Starting with the line below that holds "5️⃣HTML편집 본문에서 아래부분에" and stopping after the line that holds "Vtg Colonial Courting", transcribe the lines exactly, leaving out all pictures.
-----
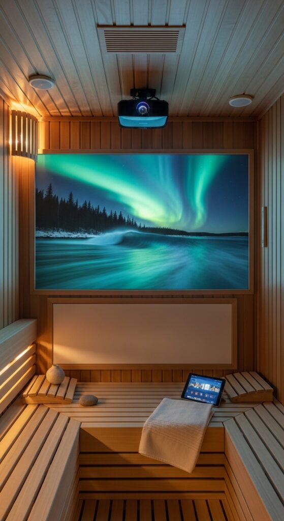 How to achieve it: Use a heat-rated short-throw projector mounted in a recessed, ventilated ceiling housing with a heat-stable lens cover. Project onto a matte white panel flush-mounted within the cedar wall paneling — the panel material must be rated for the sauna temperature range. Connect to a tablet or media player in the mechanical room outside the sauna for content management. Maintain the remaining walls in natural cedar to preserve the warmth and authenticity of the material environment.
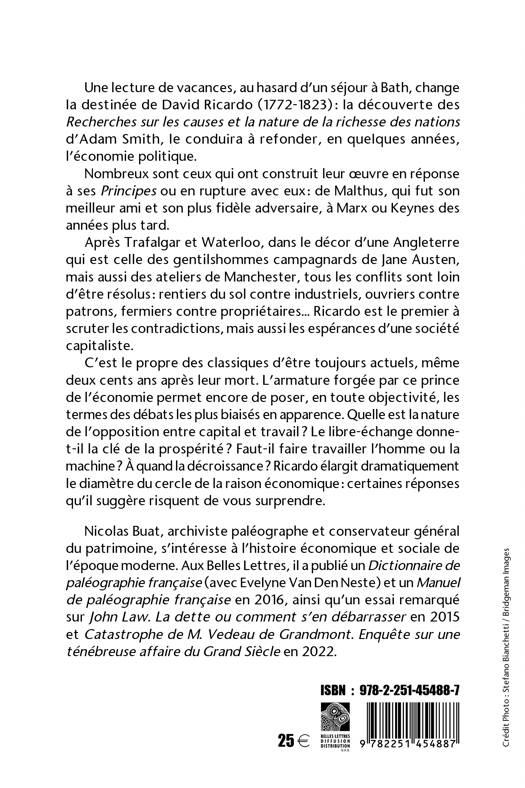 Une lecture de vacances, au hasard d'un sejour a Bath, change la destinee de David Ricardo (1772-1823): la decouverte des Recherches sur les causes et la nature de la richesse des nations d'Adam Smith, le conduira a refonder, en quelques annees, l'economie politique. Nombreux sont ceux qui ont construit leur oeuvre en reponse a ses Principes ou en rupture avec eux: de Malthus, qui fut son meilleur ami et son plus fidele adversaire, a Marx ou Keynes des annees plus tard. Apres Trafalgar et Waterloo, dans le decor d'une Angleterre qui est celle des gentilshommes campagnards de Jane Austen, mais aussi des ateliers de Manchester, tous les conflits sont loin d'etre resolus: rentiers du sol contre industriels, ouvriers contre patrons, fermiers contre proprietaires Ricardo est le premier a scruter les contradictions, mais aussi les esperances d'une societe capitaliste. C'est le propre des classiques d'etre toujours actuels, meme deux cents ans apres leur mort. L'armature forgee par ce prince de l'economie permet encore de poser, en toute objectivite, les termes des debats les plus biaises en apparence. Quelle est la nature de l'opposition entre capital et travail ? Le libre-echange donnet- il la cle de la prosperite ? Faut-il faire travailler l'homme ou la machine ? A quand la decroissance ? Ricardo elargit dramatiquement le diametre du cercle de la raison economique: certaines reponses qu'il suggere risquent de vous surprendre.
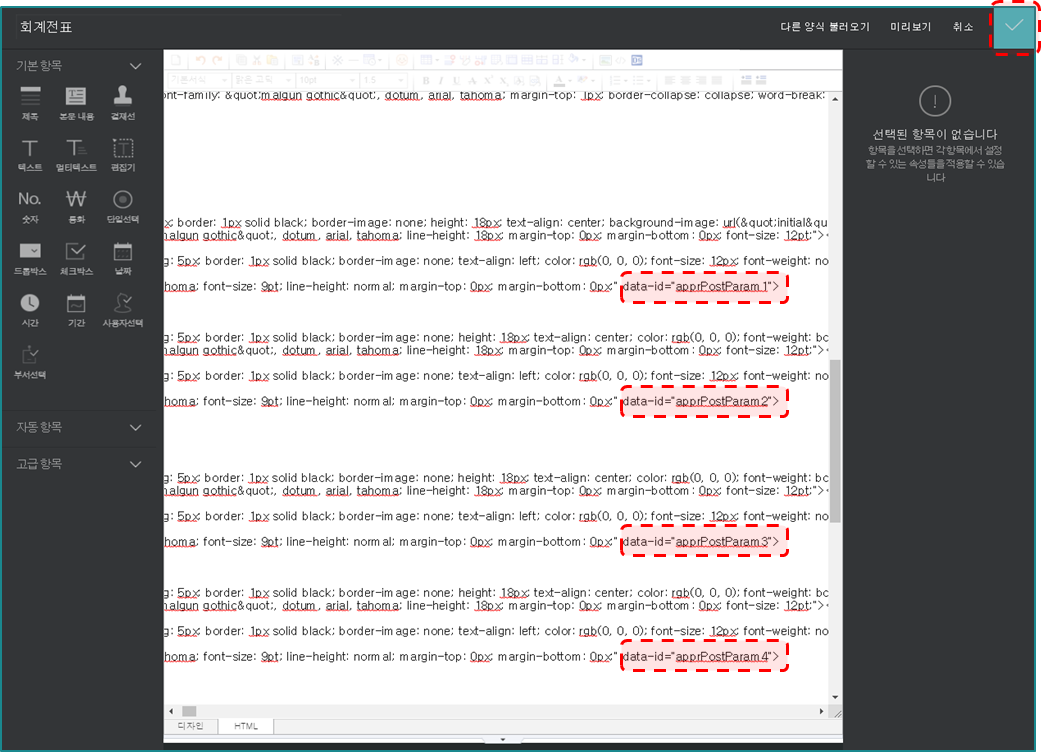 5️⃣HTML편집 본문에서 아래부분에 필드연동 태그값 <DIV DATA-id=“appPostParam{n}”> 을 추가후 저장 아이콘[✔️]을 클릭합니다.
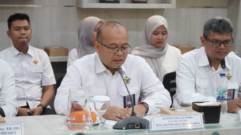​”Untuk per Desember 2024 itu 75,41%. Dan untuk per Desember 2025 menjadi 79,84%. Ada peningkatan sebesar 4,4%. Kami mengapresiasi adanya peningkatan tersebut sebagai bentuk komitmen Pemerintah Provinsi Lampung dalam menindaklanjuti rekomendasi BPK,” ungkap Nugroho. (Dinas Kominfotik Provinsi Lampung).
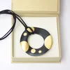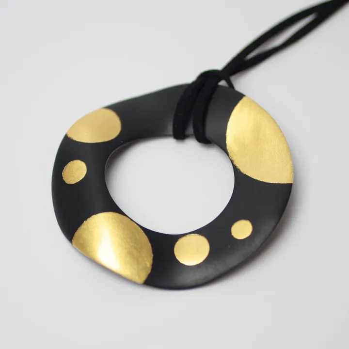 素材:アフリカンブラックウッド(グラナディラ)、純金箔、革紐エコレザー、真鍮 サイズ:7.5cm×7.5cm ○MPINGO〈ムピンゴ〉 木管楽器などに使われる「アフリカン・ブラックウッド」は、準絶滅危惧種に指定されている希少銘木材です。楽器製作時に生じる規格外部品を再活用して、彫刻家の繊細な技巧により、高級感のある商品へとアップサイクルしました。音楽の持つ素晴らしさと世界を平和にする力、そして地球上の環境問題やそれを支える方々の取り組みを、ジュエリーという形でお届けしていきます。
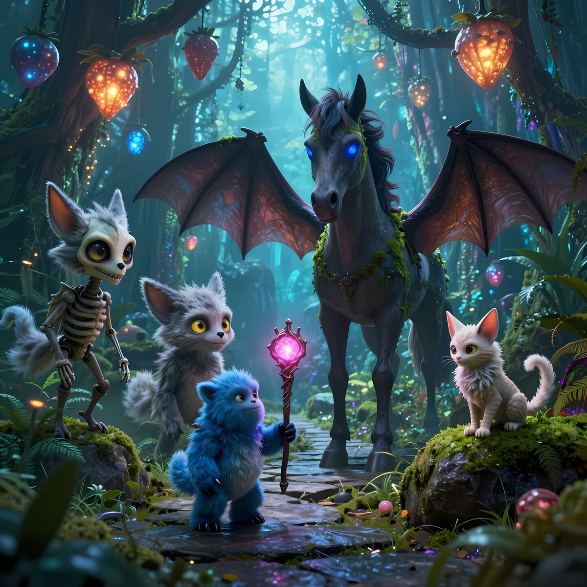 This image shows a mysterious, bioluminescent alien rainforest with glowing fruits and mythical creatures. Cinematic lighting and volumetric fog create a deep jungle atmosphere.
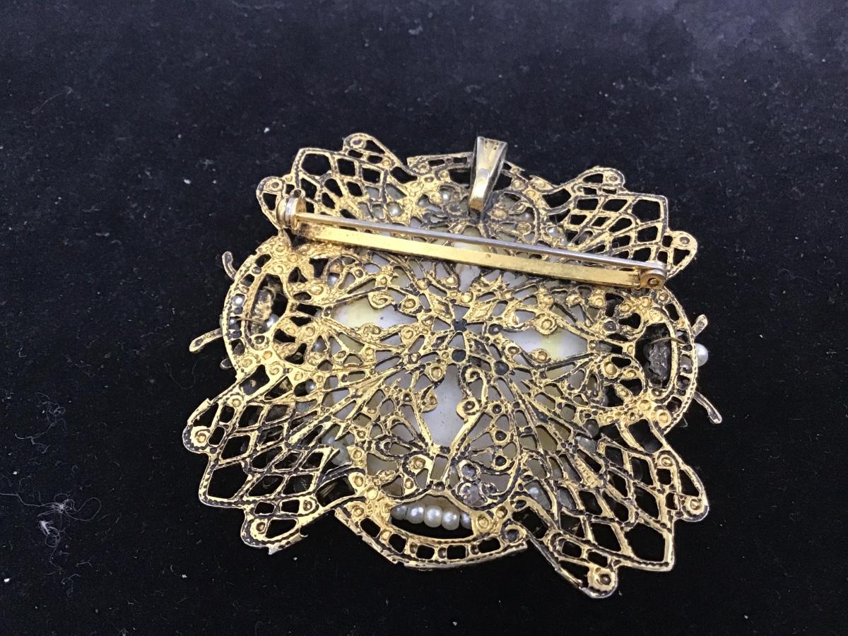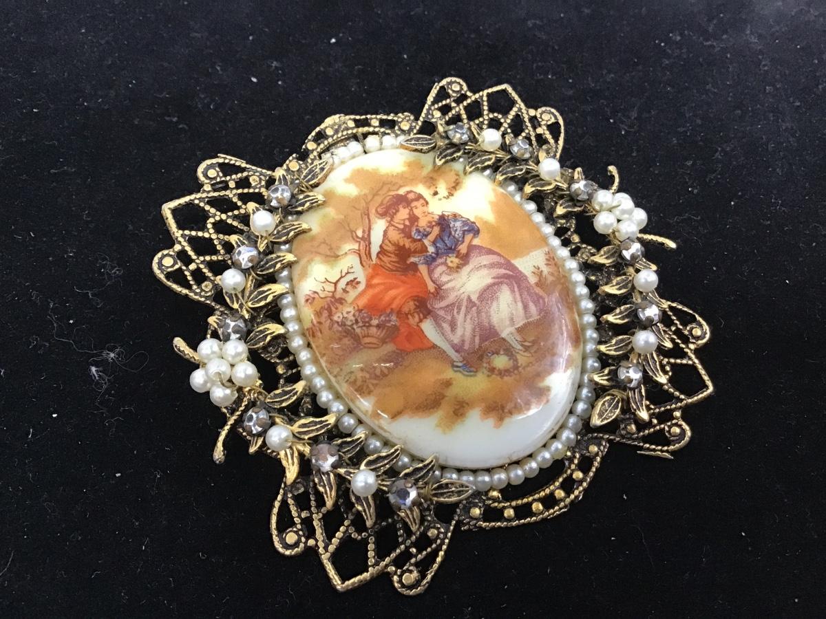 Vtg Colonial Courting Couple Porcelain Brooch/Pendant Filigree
-----
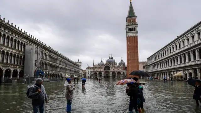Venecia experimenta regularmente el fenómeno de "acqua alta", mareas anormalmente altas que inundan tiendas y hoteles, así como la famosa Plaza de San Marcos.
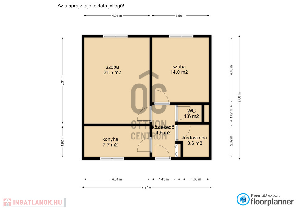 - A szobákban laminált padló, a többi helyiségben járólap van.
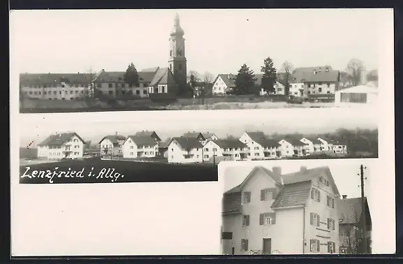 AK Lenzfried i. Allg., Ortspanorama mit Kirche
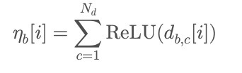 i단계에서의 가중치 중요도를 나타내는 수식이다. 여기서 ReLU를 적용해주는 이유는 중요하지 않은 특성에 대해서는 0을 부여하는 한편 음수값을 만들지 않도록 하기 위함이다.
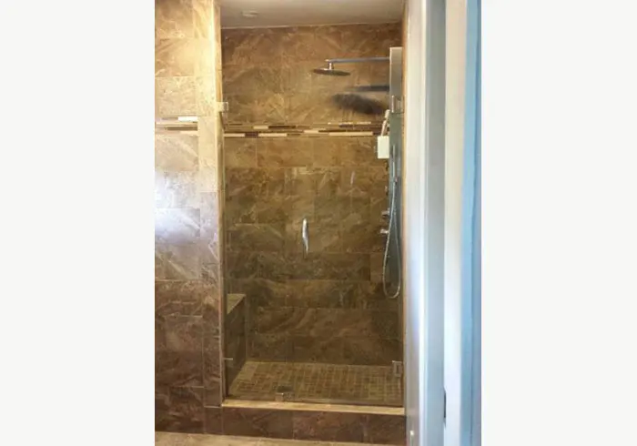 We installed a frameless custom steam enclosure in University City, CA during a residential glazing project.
-----
▸ **Exercise result**:
 5️⃣HTML편집 본문에서 아래부분에 필드연동 태그값 <DIV DATA-id=“appPostParam{n}”> 을 추가후 저장 아이콘[✔️]을 클릭합니다.
​”Untuk per Desember 2024 itu 75,41%. Dan untuk per Desember 2025 menjadi 79,84%. Ada peningkatan sebesar 4,4%. Kami mengapresiasi adanya peningkatan tersebut sebagai bentuk komitmen Pemerintah Provinsi Lampung dalam menindaklanjuti rekomendasi BPK,” ungkap Nugroho. (Dinas Kominfotik Provinsi Lampung).
 素材:アフリカンブラックウッド(グラナディラ)、純金箔、革紐エコレザー、真鍮 サイズ:7.5cm×7.5cm ○MPINGO〈ムピンゴ〉 木管楽器などに使われる「アフリカン・ブラックウッド」は、準絶滅危惧種に指定されている希少銘木材です。楽器製作時に生じる規格外部品を再活用して、彫刻家の繊細な技巧により、高級感のある商品へとアップサイクルしました。音楽の持つ素晴らしさと世界を平和にする力、そして地球上の環境問題やそれを支える方々の取り組みを、ジュエリーという形でお届けしていきます。
 This image shows a mysterious, bioluminescent alien rainforest with glowing fruits and mythical creatures. Cinematic lighting and volumetric fog create a deep jungle atmosphere.
 Vtg Colonial Courting Couple Porcelain Brooch/Pendant Filigree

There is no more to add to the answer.